BEGIN Input records

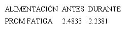 Se encontró que los pescadores que desayunan antes de iniciar su jornada laboral tienen una fatiga de (2.4833), mientras que los pescadores que se alimentan durante su jornada laboral presentaron una fatiga de (2.2381) es decir no existe gran diferencia en la fatiga que presentan si desayunan antes o durante su jornada laboral.
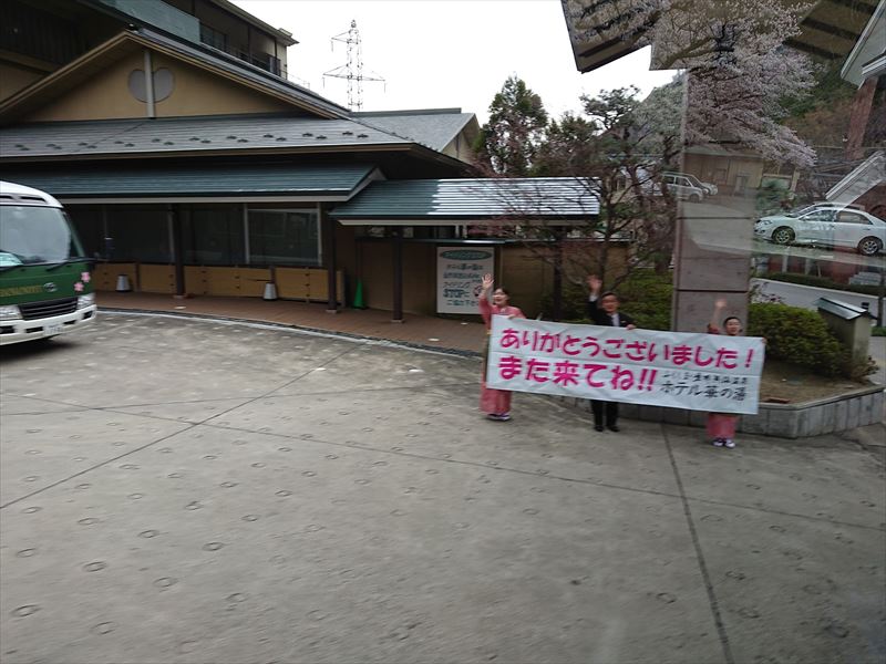 ホテル「華の湯」従業員のみなさん、お見送りありがとうございます♪
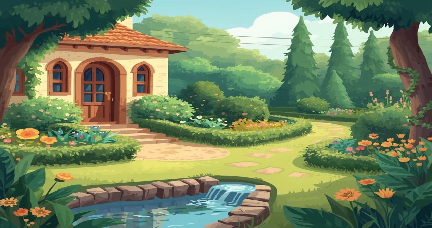 Suddenly, a huge walled house came into view in front of their eyes. As we
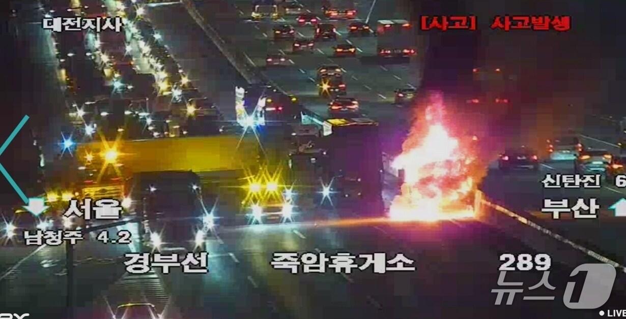 9일 오후 8시55분쯤 충북 청주시 서원구 현도면 경부고속도로 죽암휴게소 인근에서 화물차 추돌 사고가 발생했다.(독자 송영훈씨 제공. 재판매 및 DB 금지)/뉴스1관련 키워드청주경찰청주소방경부고속도로관련 기사청주 경부고속도로서 화물차끼리 추돌…1명 숨져청주 경부고속도로서 연이어 추돌 사고…3명 중상·1명 경상전국 산불 확산, 강풍으로 주불 진화 실패…야간 진화 돌입 (종합)176명 비상탈출 여객기 화재에 가족 살인·눈길 32중 추돌사고까지 (종합)귀성길 '눈폭탄'에 다중추돌 속출…60명 가까이 다치고 '정체'(종합2보)
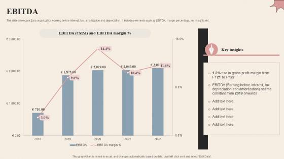 The slide showcase Zara organization earning before interest, tax, amortization and depreciation. It includes elements such as EBITDA, margin percentage, key insights etc. Slidegeeks is here to make your presentations a breeze with EBITDA Branded Clothing Company Profile PPT Presentation CP SS V With our easy-to-use and customizable templates, you can focus on delivering your ideas rather than worrying about formatting. With a variety of designs to choose from, you are sure to find one that suits your needs. And with animations and unique photos, illustrations, and fonts, you can make your presentation pop. So whether you are giving a sales pitch or presenting to the board, make sure to check out Slidegeeks first The slide showcase Zara organization earning before interest, tax, amortization and depreciation. It includes elements such as EBITDA, margin percentage, key insights etc.
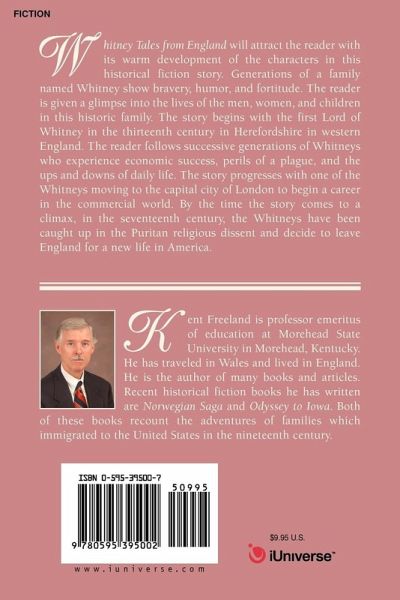 Whitney Tales from England will attract the reader with its warm development of the characters in this historical fiction story. Generations of a family named Whitney show bravery, humor, and fortitude. The reader is given a glimpse into the lives of the men, women, and children in this historic family. The story begins with the first Lord of Whitney in the thirteenth century in Herefordshire in western England. The reader follows successive generations of Whitneys who experience economic success, perils of a plague, and the ups and downs of daily life. The story progresses with one of the Whitneys moving to the capital city of London to begin a career in the commercial world. By the time the story comes to a climax, in the seventeenth century, the Whitneys have been caught up in the Puritan religious dissent and decide to leave England for a new life in America.

END Input records

## Work item
From the data above, retype only the lines starting with the line with "Suddenly, a huge" and going on through the line with "insights etc. Slidegeeks", exactly, leaving out the pictures.

## Answer area
 Suddenly, a huge walled house came into view in front of their eyes. As we
 9일 오후 8시55분쯤 충북 청주시 서원구 현도면 경부고속도로 죽암휴게소 인근에서 화물차 추돌 사고가 발생했다.(독자 송영훈씨 제공. 재판매 및 DB 금지)/뉴스1관련 키워드청주경찰청주소방경부고속도로관련 기사청주 경부고속도로서 화물차끼리 추돌…1명 숨져청주 경부고속도로서 연이어 추돌 사고…3명 중상·1명 경상전국 산불 확산, 강풍으로 주불 진화 실패…야간 진화 돌입 (종합)176명 비상탈출 여객기 화재에 가족 살인·눈길 32중 추돌사고까지 (종합)귀성길 '눈폭탄'에 다중추돌 속출…60명 가까이 다치고 '정체'(종합2보)
 The slide showcase Zara organization earning before interest, tax, amortization and depreciation. It includes elements such as EBITDA, margin percentage, key insights etc. Slidegeeks is here to make your presentations a breeze with EBITDA Branded Clothing Company Profile PPT Presentation CP SS V With our easy-to-use and customizable templates, you can focus on delivering your ideas rather than worrying about formatting. With a variety of designs to choose from, you are sure to find one that suits your needs. And with animations and unique photos, illustrations, and fonts, you can make your presentation pop. So whether you are giving a sales pitch or presenting to the board, make sure to check out Slidegeeks first The slide showcase Zara organization earning before interest, tax, amortization and depreciation. It includes elements such as EBITDA, margin percentage, key insights etc.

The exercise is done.